[MUD-Dev] Re: META: list "peerage"

Andy Cink ranthor at earthlink.net
Mon Jan 25 12:44:41 New Zealand Daylight Time 1999

At 02:25 AM 1/25/99 -0800, Caliban Tiresias Darklock wrote:
>Having been deeply involved in Telmaron, the first reasonably successful
>commercial MUD provider, I take that a little personally. ;)

I have to state that I was referring specifically to mudservices,
and the mudservices clones that have been popping up like weeds in
the last year or two. I meant no offense to your specific provider :)
(Or to anyone's, honestly)

>Our goal at Telmaron was to give people a place to host their MUD where
>they didn't have to try and explain what a MUD was every three days. We
>expected that the MUDs we hosted would be run by knowledgeable people,
>people who were tired of having to switch servers every time someone
>changed jobs or didn't get his [expletive] stroked enough for providing the
>server space. 

The goal of mudservices appears to get more new people into the market.
They have all sorts of webpages with instructions on things like basic
unix syntax, basic mud running, etc. They also offer to install one of
several existing codebases for you to get you started. Lots of things
to entice newbies to get into the market.

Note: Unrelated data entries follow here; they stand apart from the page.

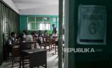 Pelajar melihat suasana jalan dari jendela di SMK Lingga Kencana, Depok, Jawa Barat, Senin (13/5/2024). Pasca kecelakaan bus rombongan pelajar di Ciater, Subang, Jawa Barat, yang menewaskan 11 orang tersebut, sekolah itu tetap melaksanakan kegiatan belajar mengajar seperti biasa meskipun sedang dalam masa berkabung. (FOTO : Republika/Putra M. Akbar)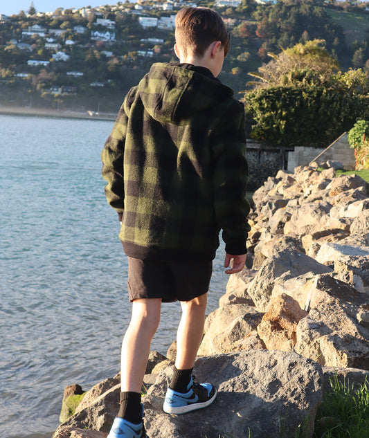 Swanndri Kid's Crooked River Wool Hoodie Olive/Black Check
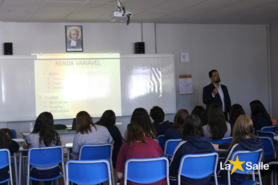 No dia 25 de novembro os alunos da 1° série do Ensino Médio tiveram uma palestra sobre Planejamento Financeiro. O profissional Flávio Duera, sócio na FAMI Capital, uma empresa credenciada a XP, foi a pessoa que buscou despertar nos estudantes a importância de guardar dinheiro desde cedo, buscando uma aposentadoria precoce e independência financeira.

>What a lot of providers started thinking, and Telmaron was guilty of this
>as well (which resulted in my leaving the operation), was that hosting MUDs
>could be your day job. I was happy with meeting expenses and having an
>extra couple hundred bucks here and there for upgrades. Yeah, it would have
>been nice to just run MUDs all day for a living, but that wasn't realistic
>-- because the market just wasn't there. 

I don't know, now. There's a lot of demand for mud hosting, as witnessed
by the fact more and more firms are entering the market. I don't think
there's much money to be made, being that a lot of newbie mud implementors
are "high maintenance" and aren't paying a whole lot of money for the
service anyway. Somebody must know something tho, there's quite a bit of
mud hosting available for purchase nowadays.

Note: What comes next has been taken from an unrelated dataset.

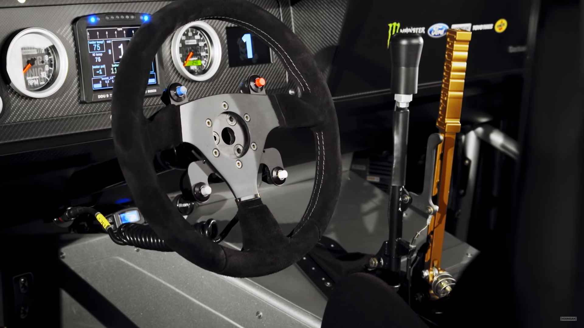Најновиот додаток во колекцијата е штотуку тјунираниот F-150, подготвен за дрифт. Станува збор за автомобил од 1977 година, а погонската единица доаѓа од Ford GT. Пикапот на Блок користи twin turbo V6 мотор, кој, по детална обработка, сега испорачува цели 914 КС. Оваа дрифт машина има и интегрален погон.

>>>By way of example, I mentioned once in a thread that I think a well-done
>>>player v. player combat system is the most intense experience one can have
>>>in a MUD. A bunch of people wrote back saying things like, "You don't know
>>>what you're talking about. Player combat is just a matter of getting the
>>>best equipment and then typing KILL <whomever>." It had never crossed
>>>their minds that combat could work otherwise.
>Or, conversely, that if this is what PvP combat boils down to, something is
>seriously wrong with it.

Actually, I think the problem is a lack of balance in the game systems. I've
seen a lot of muds where the players are fairly well balanced against the
mobs, but to make the players strong enough to kill the mobs, the players
wind up being so strong they kill each other way too fast. This seems to
lead to (in many cases) implementing some hack-ish solution that makes it
so players only do half damage to other players. (See UO, just as a most
notable example.. I've also seen it happen on muds)

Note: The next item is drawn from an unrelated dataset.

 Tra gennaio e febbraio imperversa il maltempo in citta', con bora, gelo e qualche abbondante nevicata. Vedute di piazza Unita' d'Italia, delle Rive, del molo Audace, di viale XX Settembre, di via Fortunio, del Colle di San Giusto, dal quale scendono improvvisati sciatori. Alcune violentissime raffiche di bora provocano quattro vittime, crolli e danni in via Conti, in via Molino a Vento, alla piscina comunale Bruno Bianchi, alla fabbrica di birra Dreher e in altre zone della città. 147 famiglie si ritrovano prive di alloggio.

Maybe the problem isn't balanced PvP, but just general imbalance in the
mud? My oldest and biggest mud pet peeve is that mobs can often do things
that a player cannot do. I don't mind if I get my ass kicked if I'm simply
outclassed. But if a mob kills me by doing something a player cannot do,
then I get mad and feel cheated. My ultimate goal for my mud is to make
it so players and mobiles are as equally balanced as possible; players
and mobs should have the same capabilities, but there will be great
differences in their individual skill levels as well as what skill sets
they choose to develop.

>>I do however think that a major problem is that talent is simply spread too
>>thin out there. 
>Interesting. The MUSH community often whines that all the good MUSH staff
>are concentrated on a few small, popular games. Is the opposite true in the
>combat MUD community?

I may have mis-spoken myself slightly ;) Instead of saying talent, I
probably should have just said people. Every time a new mud starts
up, it spreads the supply of people willing to work on a mud that
much thinner. Every other mud has that much more difficulty finding
builders and coders. Most of the existing talent is probably on
well established games, but the new and developing talent may be
spread thin or wasting away on new muds that will never open.


EARTH FIRST! We'll stripmine the other planets later.